Visualization of CD2 interaction with LFA-3 and determination of the two-dimensional dissociation constant for adhesion receptors in a contact area

Many adhesion receptors have high three-dimensional dissociation constants (K-d) for counterreceptors compared to the K(d)s of receptors for soluble extracellular ligands such as cytokines and hormones. Interaction of the T lymphocyte adhesion receptor CD2 with its counter-receptor, LFA-3, has a high solution-phase K-d (16 mu M at 37 degrees C), yet the CD2/LFA-3 interaction serves as an effective adhesion mechanism.
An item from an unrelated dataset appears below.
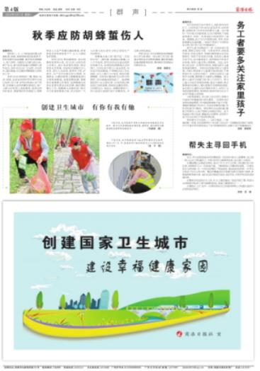 另外,三版通過《環(huán)保督查》 《健康教育》《創(chuàng)文進(jìn)行時》等專題專欄,全面深入報道了我市科教文衛(wèi)等方面的進(jìn)展成就,展示了全市衛(wèi)生、教育、科技事業(yè)發(fā)展碩果,有效發(fā)揮了普及科學(xué)知識的作用。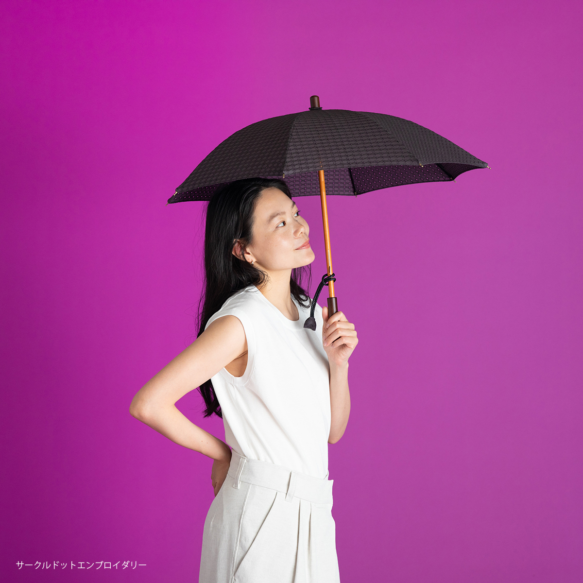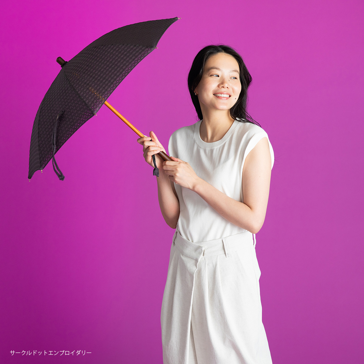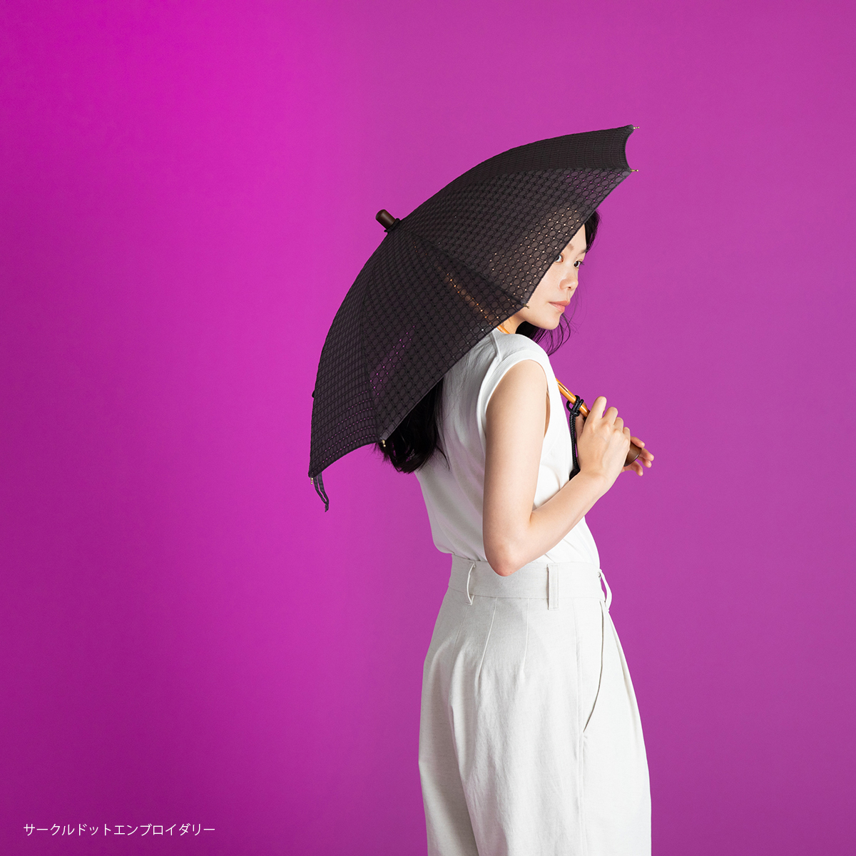 以前も販売したスクエア刺繍の陰影が美しい日傘。

We have studied the interaction of CD2 with LFA-3 in the contact area between Jurkat T lymphoblasts and planar phospholipid bilayers containing purified, fluorescently labeled LFA-3. Redistribution and lateral mobility of LFA-3 were measured in contact areas as functions of the initial LFA-3 surface density and of time after contact of the cells with the bilayers. LFA-3 accumulated at sites of contact with a half-time of similar to 15 min, consistent with the previously determined kinetics of adhesion strengthening. The two-dimensional K-d for the CD2/LFA-3 interaction was 21 molecules/mu m(2), which is lower than the surface densities of CD2 on T cells and LFA-3 on most target or stimulator cells. Thus, formation of CD2/LFA-3 complexes should be highly favored in physiological interactions. Comparison of the two-dimensional (membrane-bound) and three-dimensional (solution-phase) K(d)s suggest that cell-cell contact favors CD2/LFA-3 interaction to a greater extent than that predicted by the three-dimensional K-d and the intermembrane distance at the site of contact. LFA-3 molecules in the contact site were capable of lateral diffusion in the plane of the phospholipid bilayer and did not appear to be irreversibly trapped in the contact area, consistent with a rapid off-rate. These data provide insights into the function of low affinity interactions in adhesion.